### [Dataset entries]
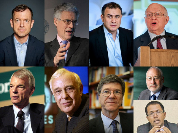 왼쪽 위부터 시계 방향으로 다니엘 그로스 유럽정책연구센터 소장, 아다이르 터너 전 영국 금융감독청 청장, 누리엘 루비니 뉴욕대 교수, 마틴 펠드스타인 하버드대 교수, 조지프 스티글리츠 컬럼비아대 교수, 하미드 라시드 UNDP 상임 고문, 제프리 삭스 컬럼비아대 교수, 로버트 스키델스키 영국 워릭대 명예교수, 마이클 스펜스 뉴욕대 교수
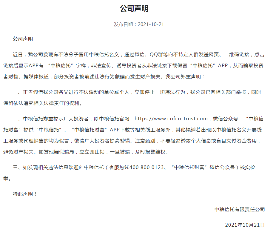 去年躺槍的有某基金、知名私募、信托的中信和安信也紛紛發(fā)公告表示這一問題。數(shù)據(jù)顯示,近10家信托公司發(fā)布了聲明,稱有不法分子冒充信用公司名義進(jìn)行金融詐騙。
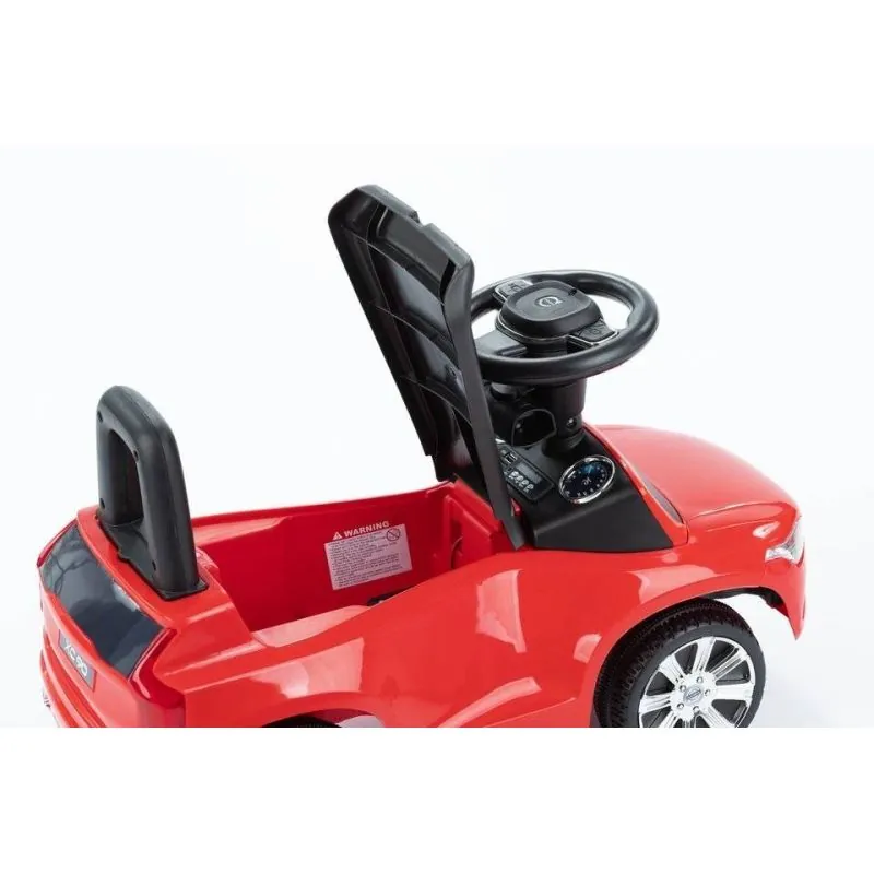 Droša, izturīga un kvalitatīva mašīnīte ar trim pogām, kuras nospiežot mašīnīte izdos skaņas.Šai mašīnītei ir aizsardzība pret sānu un atpakaļejošu apgāšanos, kājiņu paliktņi un rokturis mašīnītes stumšanai.Šos piederumus varēs noņemt, kad bērns vēlēsies braukt ar mašīnīti pats.Rotaļlieta ir droša un kvalitatīva.Veicina mazuli kustēties.Augsts atzveltne bērnam nodrošina ērtu un drošu stāvokli.Rotaļlietu uzglabāšanas kaste.Buferi, kāju balstu un stumšanas rokturi var noņemt;Izturīga konstrukcija nodrošina ilgu braukšanu;Var izmantot gan telpās, gan ārā;"Mini SD" karšu lasītājs;AUX un USB savienojumi;Izmēri ar rokturi: 81 x 43 x 85 cm;Izmēri bez roktura: 61 x 30 x 38 cm;Augstums no zemes līdz sēdeklim: 23 cm;Augstums no kāju balsta līdz sēdeklim: 15 cm;Sēdekļa izmēri: 21 x 25 cm;Roktura izmēri: 15 x 12 cm;Riteņa diametrs: 14,5 cm;Svars: 5 kg;Maksimālā slodze: 23 kg;Ieteicamais vecums: 1 +;Krāsa: sarkana.
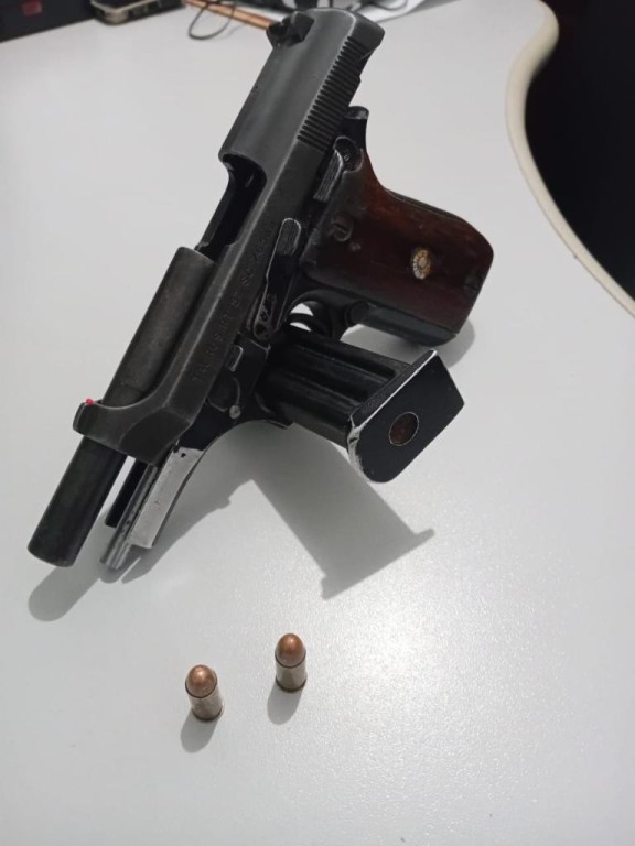 Com um dos suspeitos, a PM localizou a pistola e as munições. Ao ser perguntado sobre a procedência da arma, o homem não respondeu os questionamentos e disse apenas que estaria levando o objeto para um sítio.
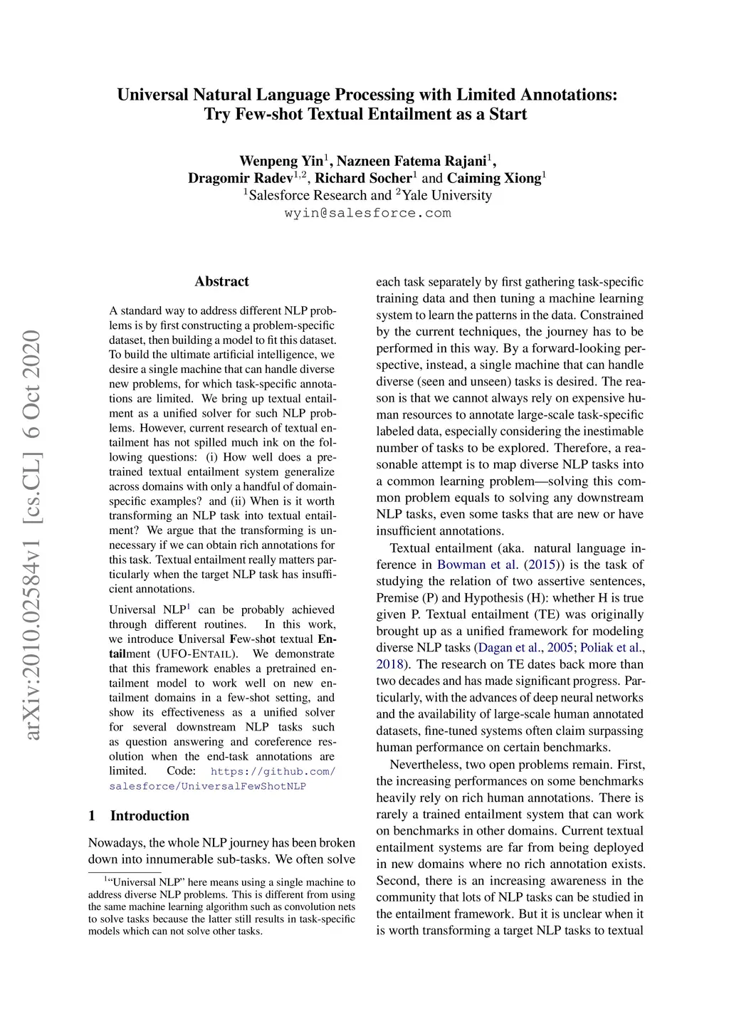 A standard way to address different NLP problems is by first constructing a problem-specific dataset, then building a model to fit this dataset. To build the ultimate artificial intelligence, we desire a single machine that can handle diverse new problems, for which task-specific annotations are limited. We bring up textual entailment as a unified solver for such NLP problems. However, current research of textual entailment has not spilled much ink on the following questions: (i) How well does a pretrained textual entailment system generalize across domains with only a handful of domain-specific examples? and (ii) When is it worth transforming an NLP task into textual entailment? We argue that the transforming is unnecessary if we can obtain rich annotations for this task. Textual entailment really matters particularly when the target NLP task has insufficient annotations. Universal NLP can be probably achieved through different routines. In this work, we introduce Universal Few-shot textual Entailment (UFO-Entail). We demonstrate that this framework enables a pretrained entailment model to work well on new entailment domains in a few-shot setting, and show its effectiveness as a unified solver for several downstream NLP tasks such as question answering and coreference resolution when the end-task annotations are limited. Code: https://github.com/salesforce/UniversalFewShotNLP
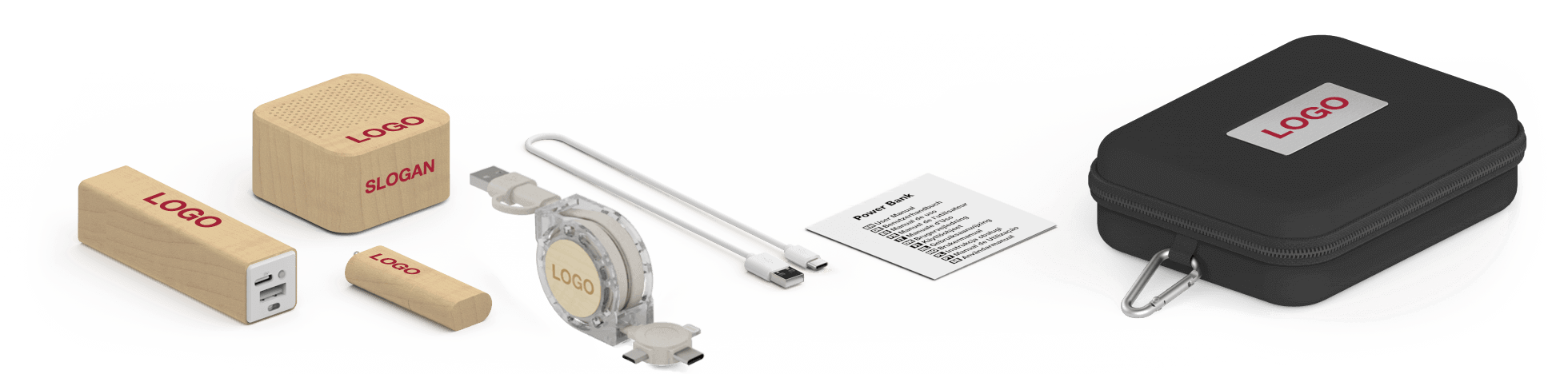 Kombinieren Sie 4 Produkte in 1 handlichem Geschenkset: Nature USB Stick, Maple Powerbank, Motion Wood USB Kabel, Seed Bluetooth® Lautsprecher. Die sorgfältig zusammengestellten Produkte in den Geschenksets können mit Ihrem Logo, Slogan, Kontaktdaten und Statements versehen werden. Die Oberfläche des Geschenksets kann mittels Lasergravur oder im Siebdruck, mit bis zu 4 Farben, gestaltet werden. Jegliche Farbkombinationen sind erlaubt.
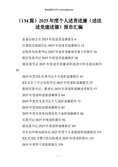 【七哥公文】2026年:(134篇)2025年度个人述责述廉(述法述党建述德)报告汇编+更多免费公文+VX:QiGeGongWen2024
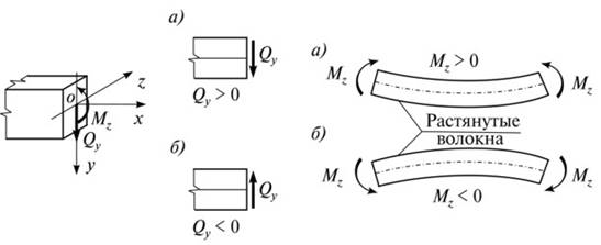 При плоском прямом изгибе в плоскости Оху в поперечных сечениях балки возникают два внутренних усилия: поперечная сила Qy и изгибающий момент Mz (рис. 9). Эти усилия являются равнодействующими сил взаимодействия между частями балки, т.е. напряжений в проведенном сечении. Продольная сила N равна нулю.
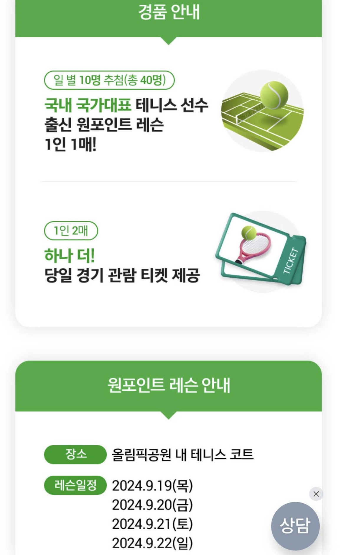 자유석이지만, 수준 높은 선수를 직접 관람할 수 있으니, 이벤트에 참여하시거나, 자유석으로 관람하시면 어떨까요?
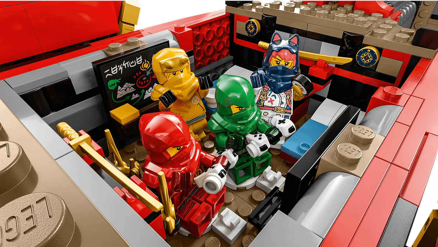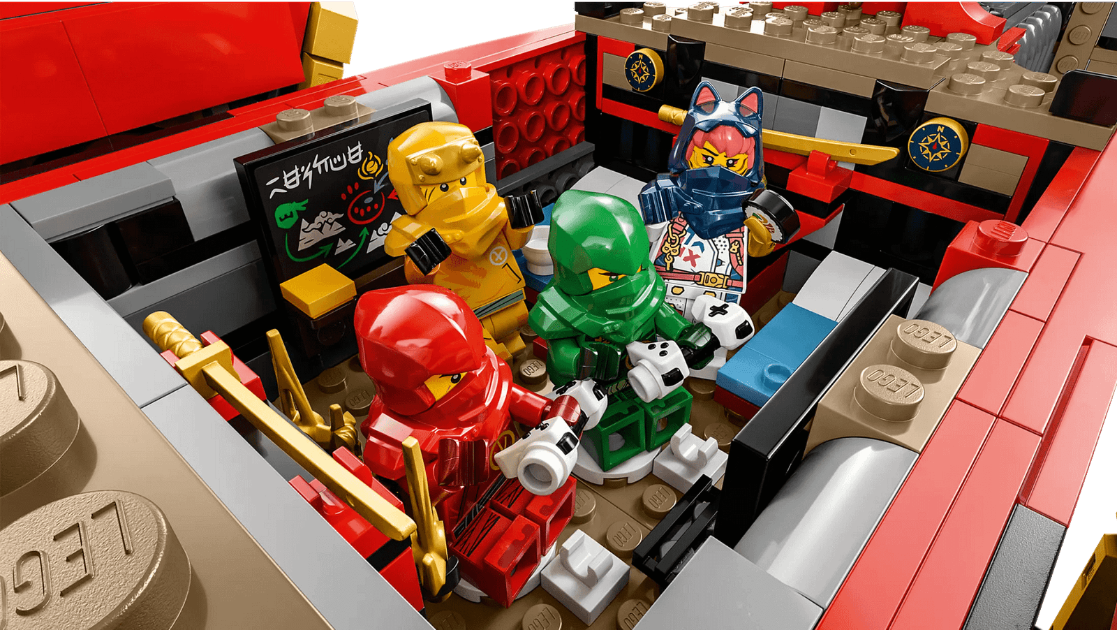 - Removable roof – Lift off the roof to reveal a navigation room and a playroom with an arcade machine for the ninja
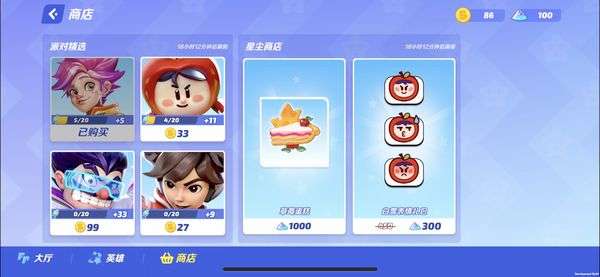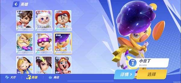 在游戏大厅左下角的“英雄”选项中可以选择玩家自己喜爱的角色,目前有9名角色可供玩家选择,每个角色都拥有不同的技能。玩家可以通过每局对战结束后获得的星星来解锁角色和奖励,除此之外还可以通过游戏币和星尘在商店内购买表情包等商品。

### [THE PROBLEM]
Reproduce exactly the lines above that run from the one with "去年躺槍的有某基金、知名私募" to the one with "Com um dos suspeitos, a", both included, leaving pictures out.

### [EXERCISE ANSWER]
 去年躺槍的有某基金、知名私募、信托的中信和安信也紛紛發(fā)公告表示這一問題。數(shù)據(jù)顯示,近10家信托公司發(fā)布了聲明,稱有不法分子冒充信用公司名義進(jìn)行金融詐騙。
 Droša, izturīga un kvalitatīva mašīnīte ar trim pogām, kuras nospiežot mašīnīte izdos skaņas.Šai mašīnītei ir aizsardzība pret sānu un atpakaļejošu apgāšanos, kājiņu paliktņi un rokturis mašīnītes stumšanai.Šos piederumus varēs noņemt, kad bērns vēlēsies braukt ar mašīnīti pats.Rotaļlieta ir droša un kvalitatīva.Veicina mazuli kustēties.Augsts atzveltne bērnam nodrošina ērtu un drošu stāvokli.Rotaļlietu uzglabāšanas kaste.Buferi, kāju balstu un stumšanas rokturi var noņemt;Izturīga konstrukcija nodrošina ilgu braukšanu;Var izmantot gan telpās, gan ārā;"Mini SD" karšu lasītājs;AUX un USB savienojumi;Izmēri ar rokturi: 81 x 43 x 85 cm;Izmēri bez roktura: 61 x 30 x 38 cm;Augstums no zemes līdz sēdeklim: 23 cm;Augstums no kāju balsta līdz sēdeklim: 15 cm;Sēdekļa izmēri: 21 x 25 cm;Roktura izmēri: 15 x 12 cm;Riteņa diametrs: 14,5 cm;Svars: 5 kg;Maksimālā slodze: 23 kg;Ieteicamais vecums: 1 +;Krāsa: sarkana.
 Com um dos suspeitos, a PM localizou a pistola e as munições. Ao ser perguntado sobre a procedência da arma, o homem não respondeu os questionamentos e disse apenas que estaria levando o objeto para um sítio.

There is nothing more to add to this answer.